* * * * *
“Good! You’re here. I believe the next visitors are nearly here as well – reasonably on schedule.”
The speaker was one David hadn’t heard before, and the man’s words broke through the horror replaying in the priest’s head.
Oh. They’d stopped moving.
“W-w-why d’ you ‘urt ‘im?”
(The boy’s very presence was as comforting and as soothing to the priest’s troubled soul as an afternoon spent in his garden puffing on his pipe.)
David sensed the young man hurrying past him, presumably to Lew’s side. He moved unhindered by the heavies surrounding them.
The newcomer’s voice murmured commands to someone; the blonde replied; then several of the men departed back the way they’d come.

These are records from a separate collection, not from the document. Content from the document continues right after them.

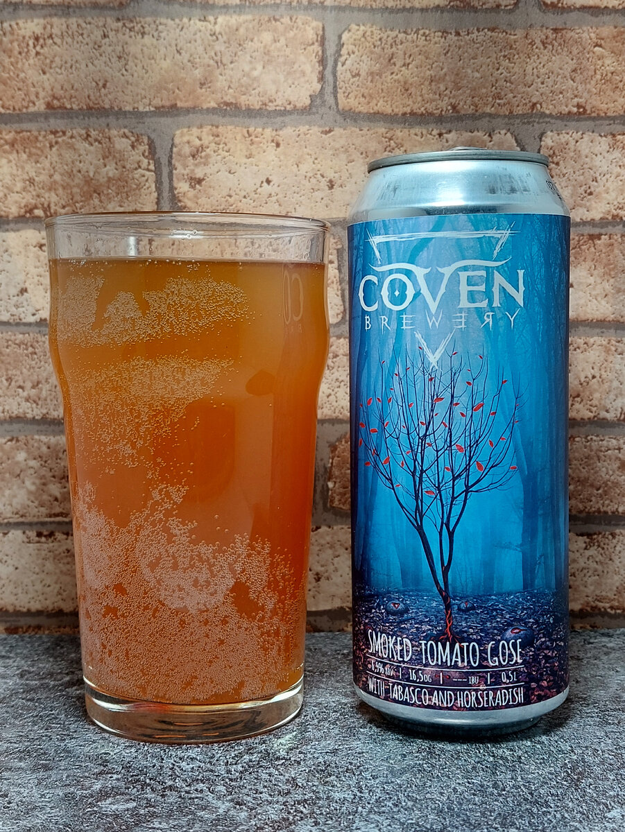 Это томатное гозе было куплено по одной причине. От обитателей Дзена был наслышан о Bloody Roots от COVEN. К сожалению такого на полках магазинов мне не встретилось. Как я понимаю сегодняшний напиток его "улучшенная" копчёная версия. В группе ВК пивовары пишут следующее: "Совсем недавно мы рассказывали о двух вариациях нашего известного томатного эля, пришло время вспомнить и о третьей. Базу напитка составляет классический для Bloody Roots дуэт соуса Табаско и хрена, но здесь вкус дополнен приятными копчеными нотами." Плотность: 16.5%. Состав: вода подготовленная, солод (пшеничный, ячменный копчёный), хмелепродукты, томатная паста, корень хрена, соль, соус красный перечный, оливки, экстракт кориандра, экстракт зиры, экстракт базилика, пивные дрожжи. Крохи пены исчезли за пару секунд. Аромат сильный и приятный рассольно-томатный с кориандром, зирой и базиликом. С прогревом к ароматике подключается небольшая дымность. Карбонизация ниже среднего. Плотность домашнего томатного сока. Вкус
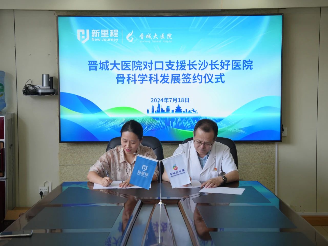 7月18日,晉城大醫(yī)院對口支援長沙長好醫(yī)院骨科學(xué)科發(fā)展簽約儀式圓滿舉行。新里程健康集團高級副總裁李蜀光,長...
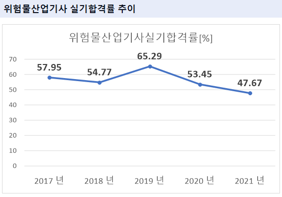 2021년 기준 위험물산업기사 실기 합격률은 47.67% 입니다.
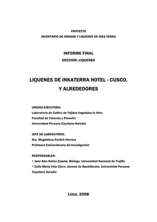 El estudio presenta un inventario de líquenes en las inmediaciones del Inka Terra Hotel en Machu Picchu, Perú. Se identificaron 92 morfotipos pertenecientes a 50 especies diferentes de líquenes agrupados en 26 géneros y 17 familias. Los líquenes más abundantes fueron los foliosos y crustosos. El área de estudio comprende 10 hectáreas de bosque secundario donde se establecieron transectos de muestreo. Adicionalmente se realizaron colectas en otras zonas cercanas.
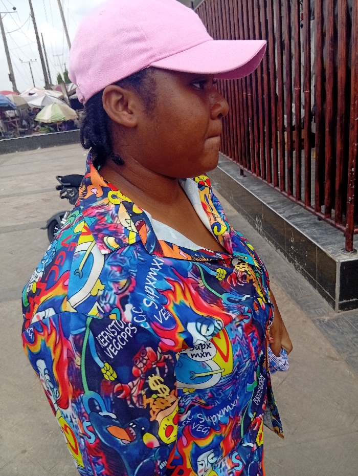 An adult female subject, dark-skinned, is captured in a profile medium shot, facing right, standing outdoors in Ura Nta Umuarandu, Nigeria. She wears a light pink baseball cap and a multi-colored short-sleeved collared shirt featuring a dense graphic pattern of flames, cartoon-like characters, text fragments (e.g., "VEGCPPS," "supx mxn"), and symbols on a dark blue background. A white undergarment is visible beneath the patterned shirt. Her visible hair is dark and appears to be short dreadlocks or braids. Her right hand holds a small, crumpled blue and white patterned cloth. The immediate ground is paved in a light gray material. In the background to the left, a portion of a black motorcycle is visible behind the subject, followed by several market stalls covered by light-colored canopies or umbrellas, with overhead utility poles and numerous power lines. To the right, a dark brown vertical slatted fence or gate stands on a dark gray concrete base. The sky is bright and overcast.

David heard footsteps come toward him, and then the new fellow spoke quite nearby, as though he were standing next to Innocent and Lewis.
“‘E’s m-m-m-my frien’!”
There was a pause, a swishing sound, and then a single muted thump.
Lewis screamed, the sound broken.
“Do. As. You’re. Told.”
“…Y-y-y-yes s-s-sir.”
Innocent’s reply was scarcely more than a murmur; his uncle’s enjoinder (the new fellow had to be the uncle) had him cowed. The boy’s trembling was audible.
Blind and bound and frighteningly alone in the darkness, the last tendrils of hope in David’s heart vanished.